I'd like the entries repeated exactly, without their pictures.
*** Opening RECORDS PROVIDED ***
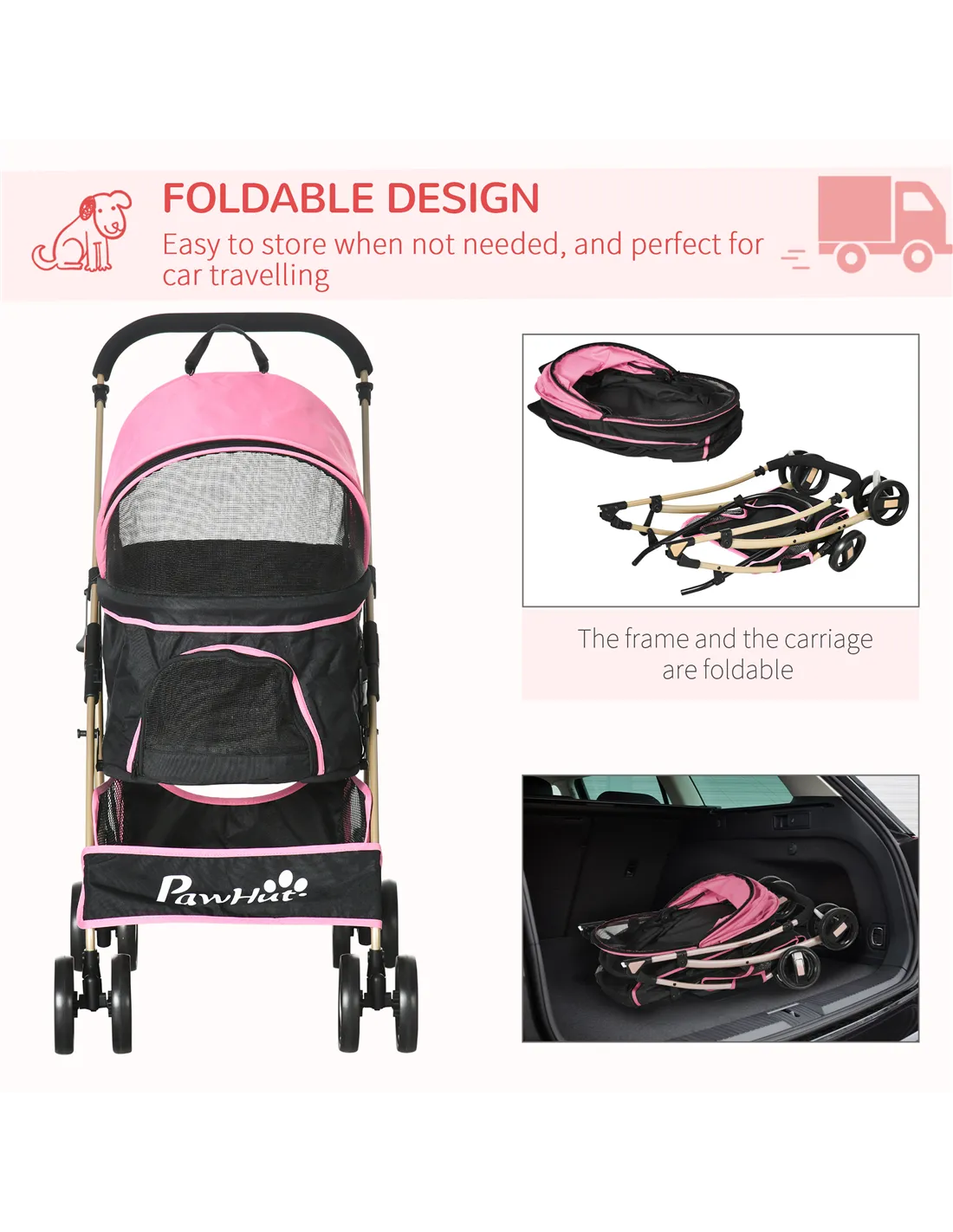 PawHut Detachable Pet Stroller with Rain Cover, 3 In 1 Cat Dog Pushchair, Foldable Carrying Bag w/ Universal Wheels, Brake, Canopy, Basket, Storage Bag for Small and Tiny Dogs - Pink
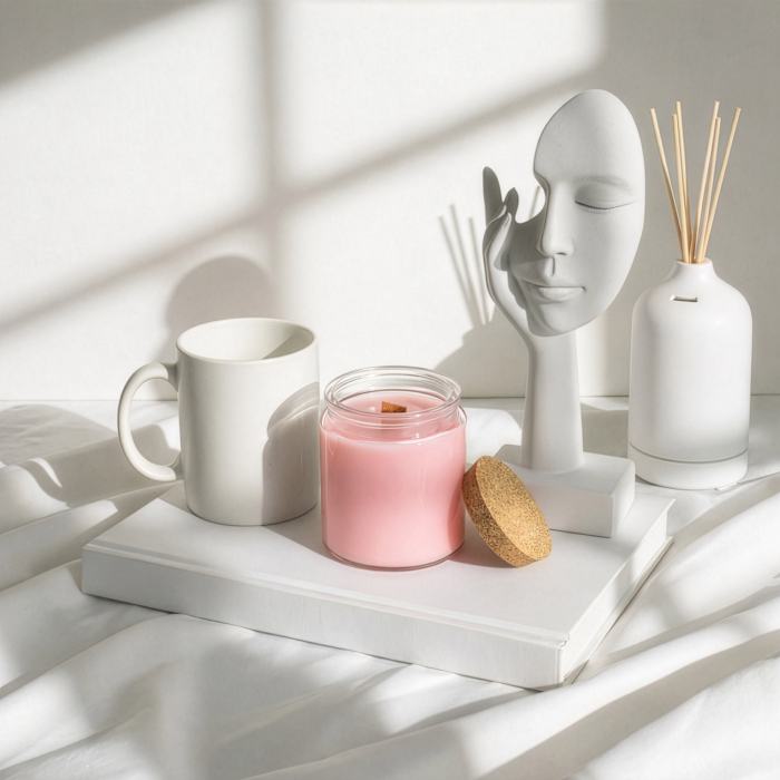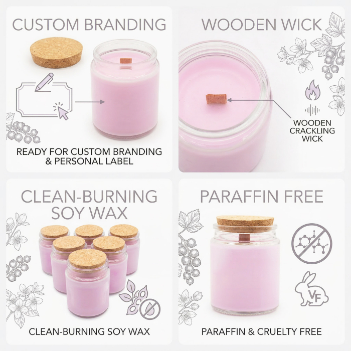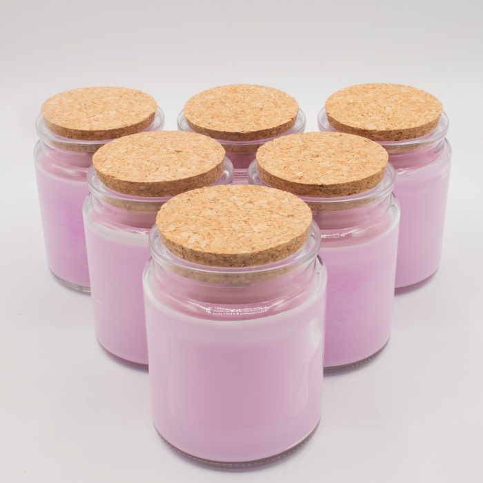 Introduci un'intramontabile fragranza di lavanda nella tua gamma di prodotti con la candela di soia con stoppino in legno "luna del lupo", in vendita all'ingrosso. Questa candela è disponibile in un formato senza etichetta, pronta per essere personalizzata, ideale per progetti di private label o concept di vendita al dettaglio personalizzati. La delicata tonalità lavanda della cera si abbina splendidamente al vasetto in vetro trasparente e al coperchio in sughero naturale, creando una presentazione semplice ed elegante che si adatta a diversi stili di branding.
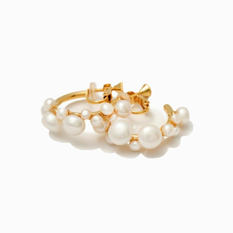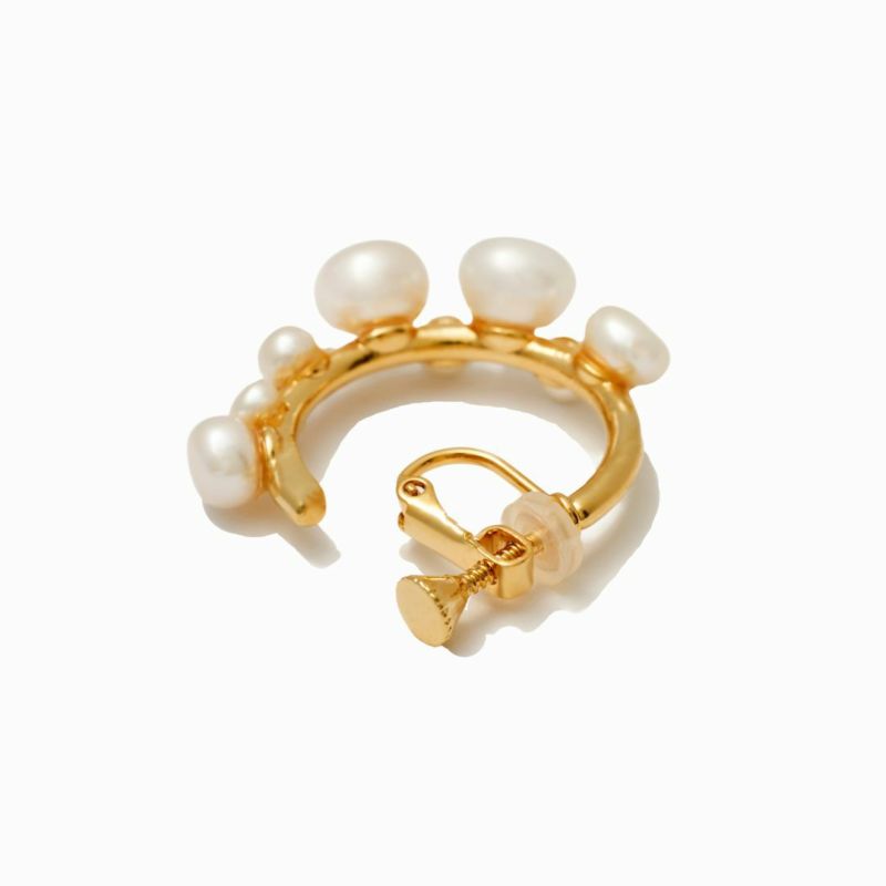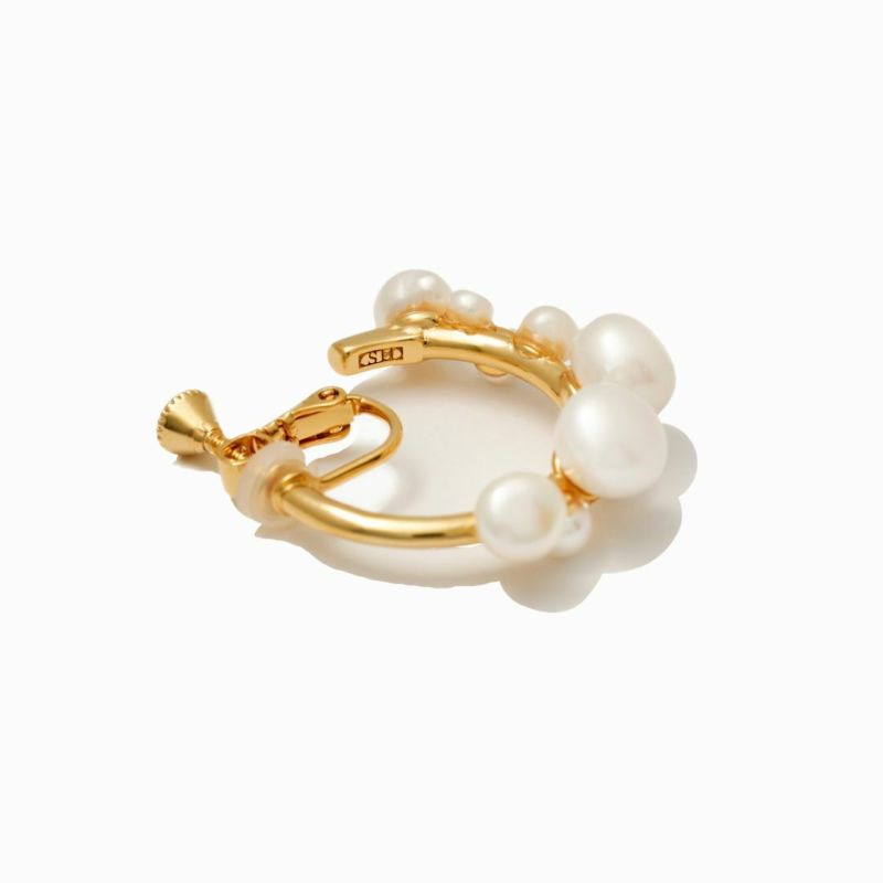 泡のようにはじけるパールをイメージし、まろやかな色味の天然パールで上品な仕上がりにしています。サイズ違いの淡水パールの表情豊かな仕上がりが楽しめるイヤリング。フェイスラインを華やかに魅せてくれ、程よいボリューム感が小顔効果もあって嬉しいポイントです。人気のフープイヤリングからのバブルシリーズは着けるだけで可愛さが増す、持っておきたいマストアイテム。K18コーティングのゴールドカラーがテリ・ツヤが魅力の淡水パールをより一層引き立てます。フォーマルシーンはもちろん、女子会など幅広いシーンでお使いいただけます。
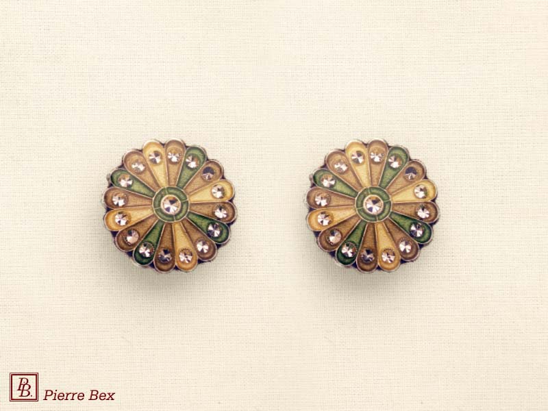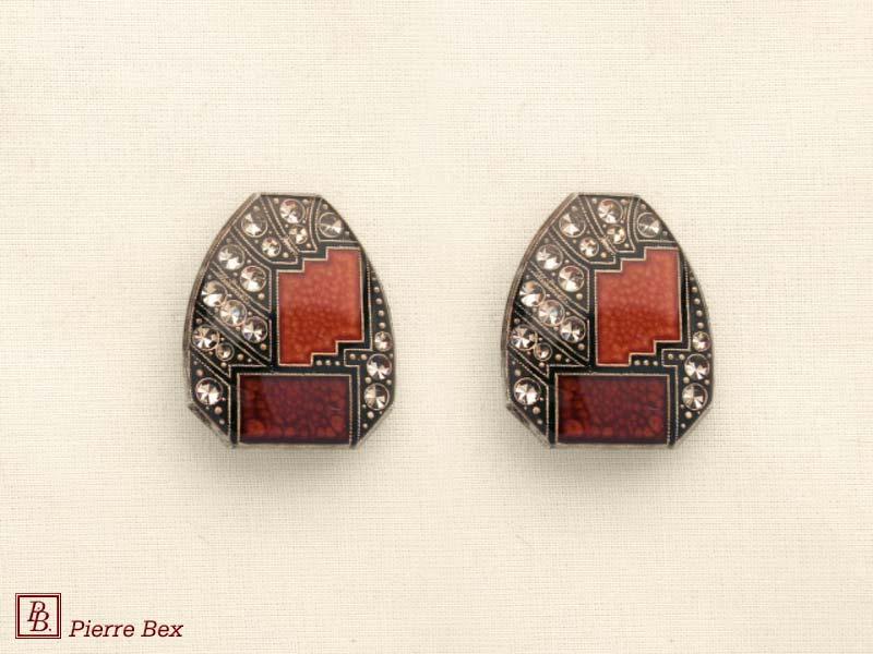 ![]() Art-Deco enameled earclips 49185-20Sold OutMade by Pierre-Bex from silverplated copper, enameled and rhinestones, the length of these earclips is 3 cm ( 1 inch ). Sold Out |
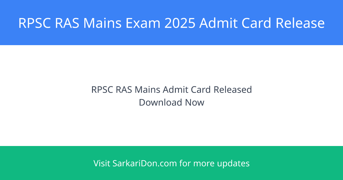 RPSC RAS Mains Exam 2025: Admit Card Released - Direct Download Link
*** Closing RECORDS PROVIDED ***
### EXERCISE RESULT
 PawHut Detachable Pet Stroller with Rain Cover, 3 In 1 Cat Dog Pushchair, Foldable Carrying Bag w/ Universal Wheels, Brake, Canopy, Basket, Storage Bag for Small and Tiny Dogs - Pink
 Introduci un'intramontabile fragranza di lavanda nella tua gamma di prodotti con la candela di soia con stoppino in legno "luna del lupo", in vendita all'ingrosso. Questa candela è disponibile in un formato senza etichetta, pronta per essere personalizzata, ideale per progetti di private label o concept di vendita al dettaglio personalizzati. La delicata tonalità lavanda della cera si abbina splendidamente al vasetto in vetro trasparente e al coperchio in sughero naturale, creando una presentazione semplice ed elegante che si adatta a diversi stili di branding.
 泡のようにはじけるパールをイメージし、まろやかな色味の天然パールで上品な仕上がりにしています。サイズ違いの淡水パールの表情豊かな仕上がりが楽しめるイヤリング。フェイスラインを華やかに魅せてくれ、程よいボリューム感が小顔効果もあって嬉しいポイントです。人気のフープイヤリングからのバブルシリーズは着けるだけで可愛さが増す、持っておきたいマストアイテム。K18コーティングのゴールドカラーがテリ・ツヤが魅力の淡水パールをより一層引き立てます。フォーマルシーンはもちろん、女子会など幅広いシーンでお使いいただけます。
 ![]() Art-Deco enameled earclips 49185-20Sold OutMade by Pierre-Bex from silverplated copper, enameled and rhinestones, the length of these earclips is 3 cm ( 1 inch ). Sold Out |
 RPSC RAS Mains Exam 2025: Admit Card Released - Direct Download Link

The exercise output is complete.